**GIVEN ENTRIES**.
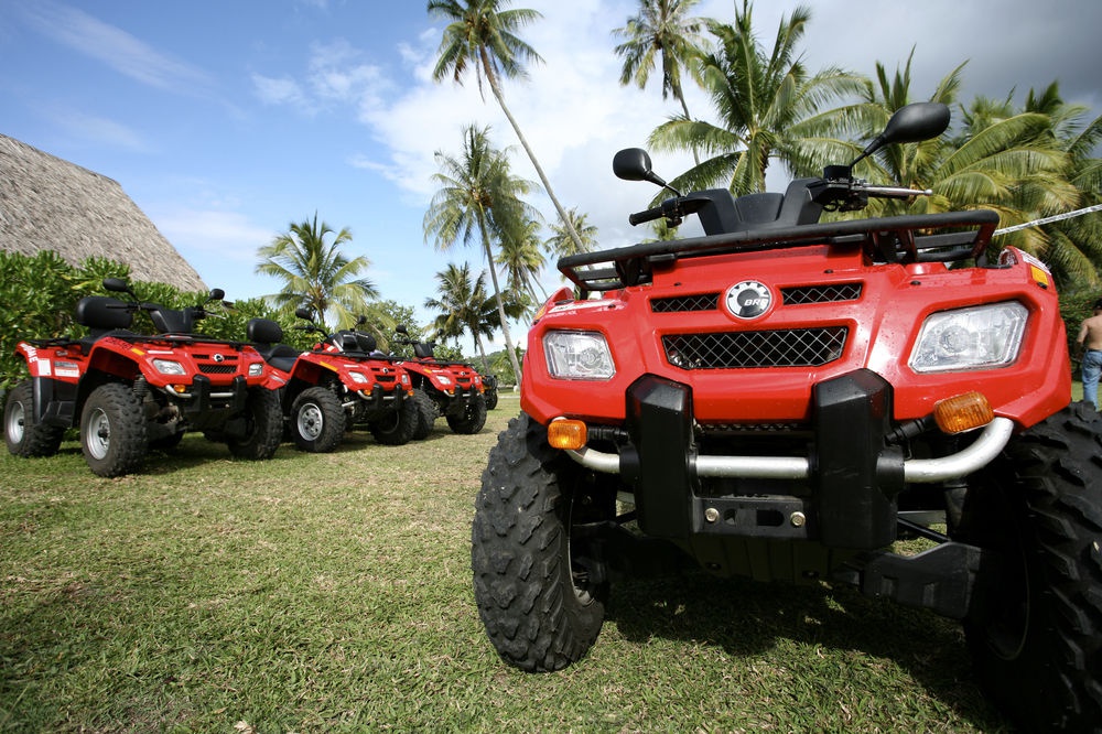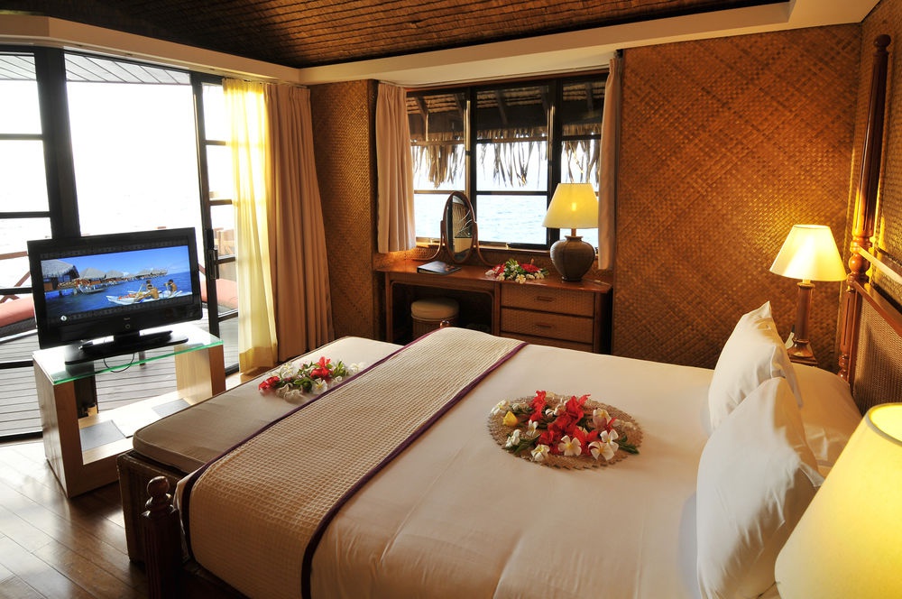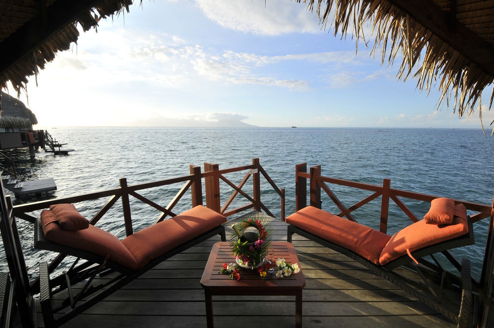 Overwater Motu Bungalow — расположены на сваях в воде на отдельном островке с видом на остров Муреа, оформлены в полинезийском стиле, состоят из спальни с гостиной зоной, ванной комнаты, террасы с зоной отдыха и с прямым спуском в воду.
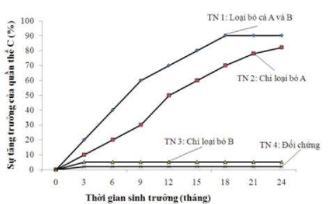 Thí nghiệm 3 (TN3): Loại bỏ loài B ra khỏi khu vực loài C sinh sống.
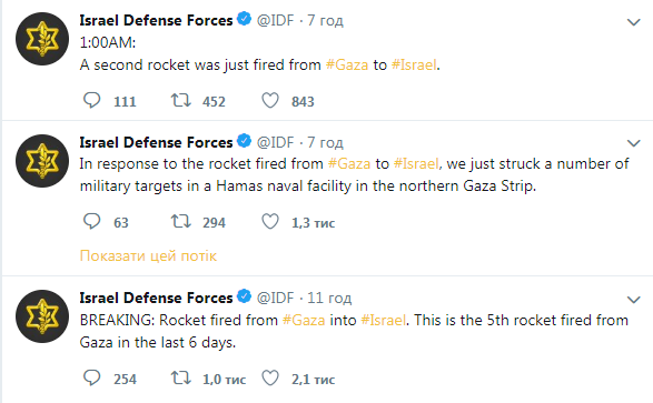 Об этом сообщается в официальном Twitter IDF.
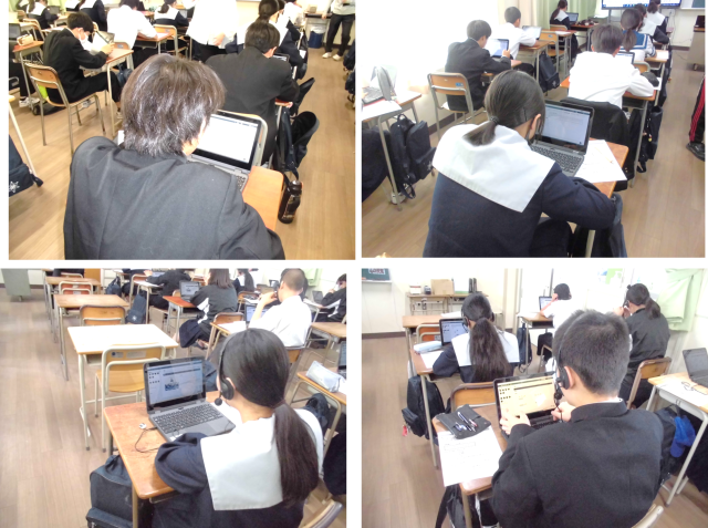 本日の2時間目、3時間目に3年生では、全国学力学習状況調査の英語(話すこと・書くこと・聞くこと)を実施しました。
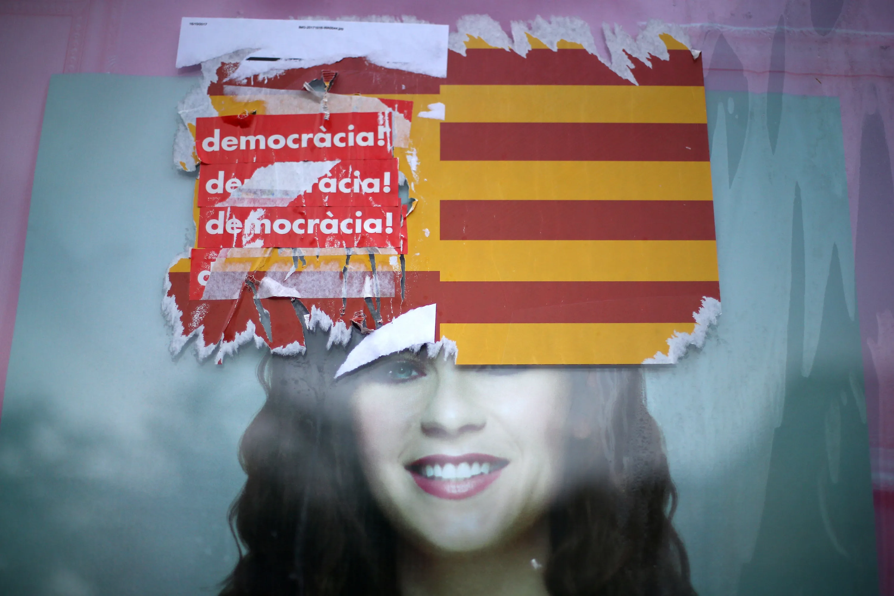 Stickers reading “Democracy!” are seen on Spanish and Catalan flags during the day of a protest against the transfer of the Sabadell and Caixa banks' headquarters out of Barcelona, Spain, October 20, 2017. (Photo by Ivan Alvarado/Reuters)
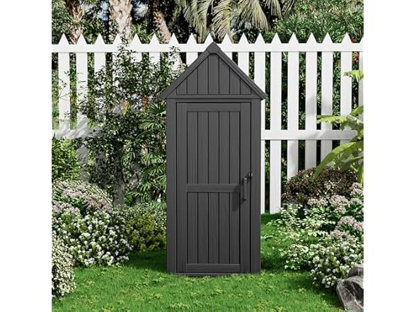 - 【COMPACT & SPACE-SAVING DESIGN】With dimensions of 64.17"H × 25.79"W × 22.05"D, this slim-profile shed is designed to fit neatly in tight spaces—ideal for patios, balconies, or placement along walls. It offers well-organized storage for lawn tools, sports gear, and other outdoor essentials without crowding your space.
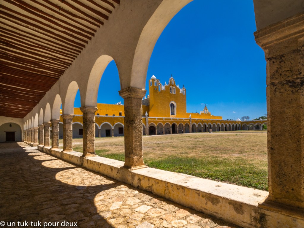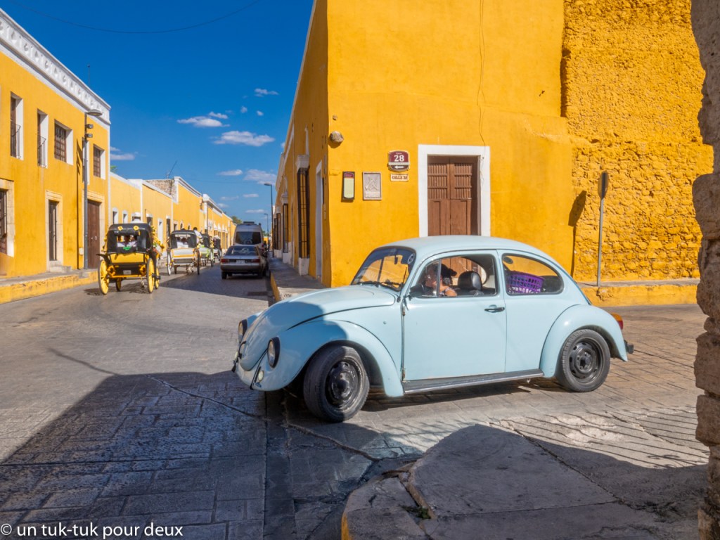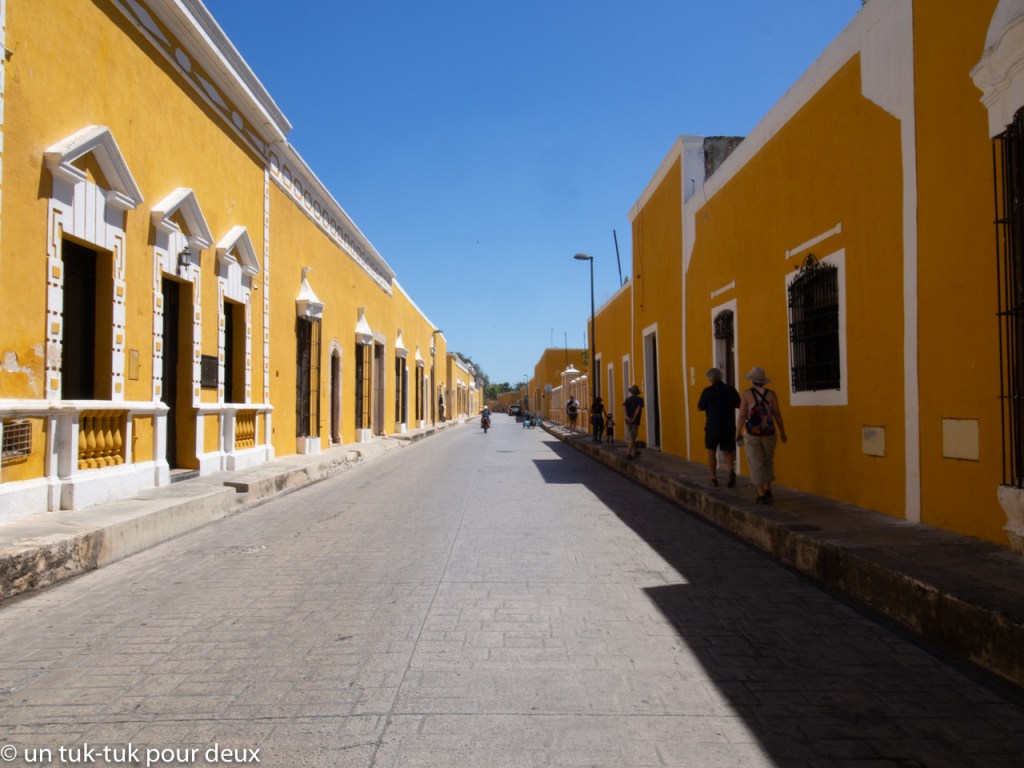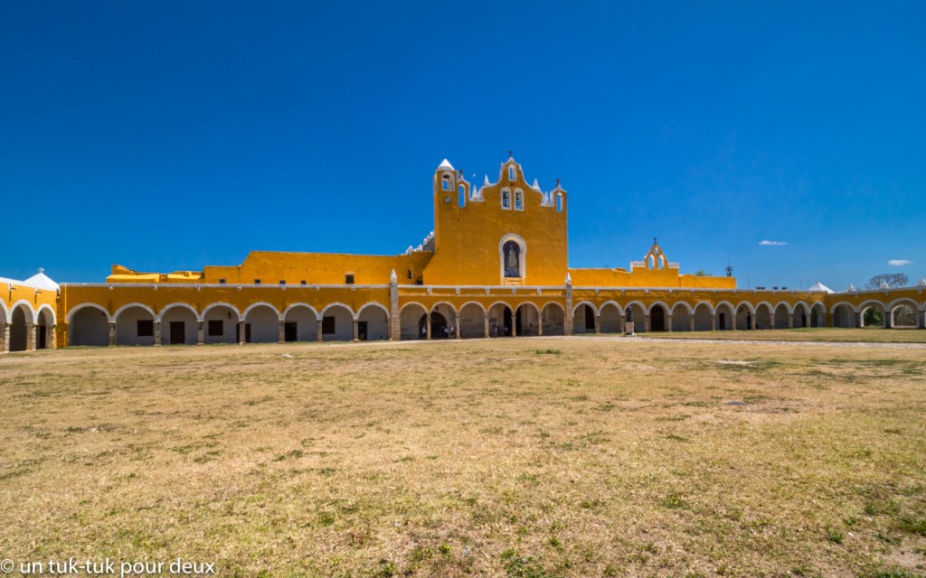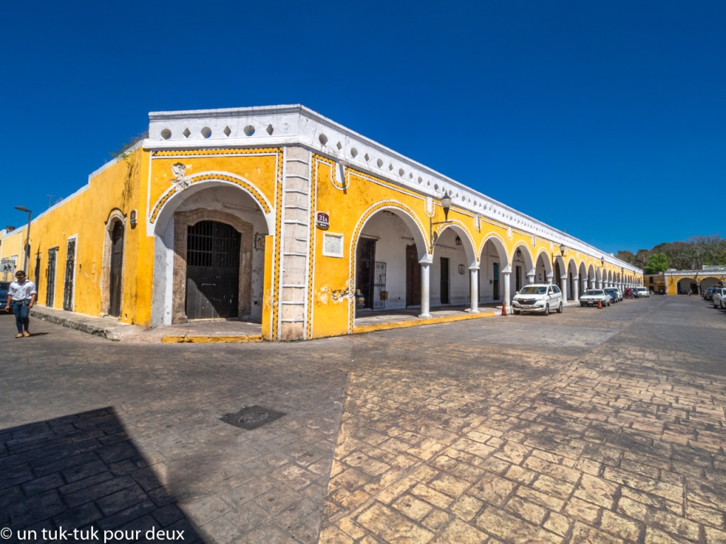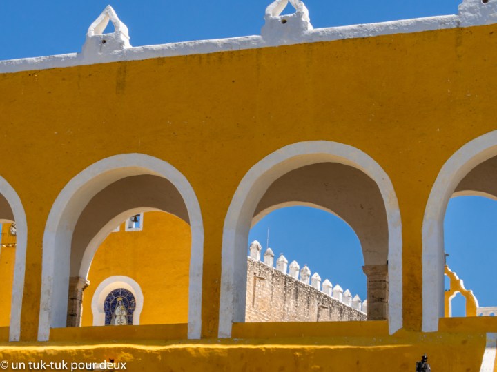 Alors, pour changer des sites Maya, quoique…, nous nous dirigeons le lendemain vers la petite ville de Izamal (26 000 habitants), surnommée la ville jaune, évidemment à cause de la couleur jaune-ocre de la plupart de ses bâtiments. Jumelée avec la teinte froide du ciel, c’est un tableau réussi.

**INSTRUCTIONS TO FOLLOW**.
Stop at the line containing "本日の2時間目、3時間目に3" and include it. Everything from the first line of the material up to there is to be repeated exactly, leaving out pictures.

**WRITTEN RESPONSE**.
 Overwater Motu Bungalow — расположены на сваях в воде на отдельном островке с видом на остров Муреа, оформлены в полинезийском стиле, состоят из спальни с гостиной зоной, ванной комнаты, террасы с зоной отдыха и с прямым спуском в воду.
 Thí nghiệm 3 (TN3): Loại bỏ loài B ra khỏi khu vực loài C sinh sống.
 Об этом сообщается в официальном Twitter IDF.
 本日の2時間目、3時間目に3年生では、全国学力学習状況調査の英語(話すこと・書くこと・聞くこと)を実施しました。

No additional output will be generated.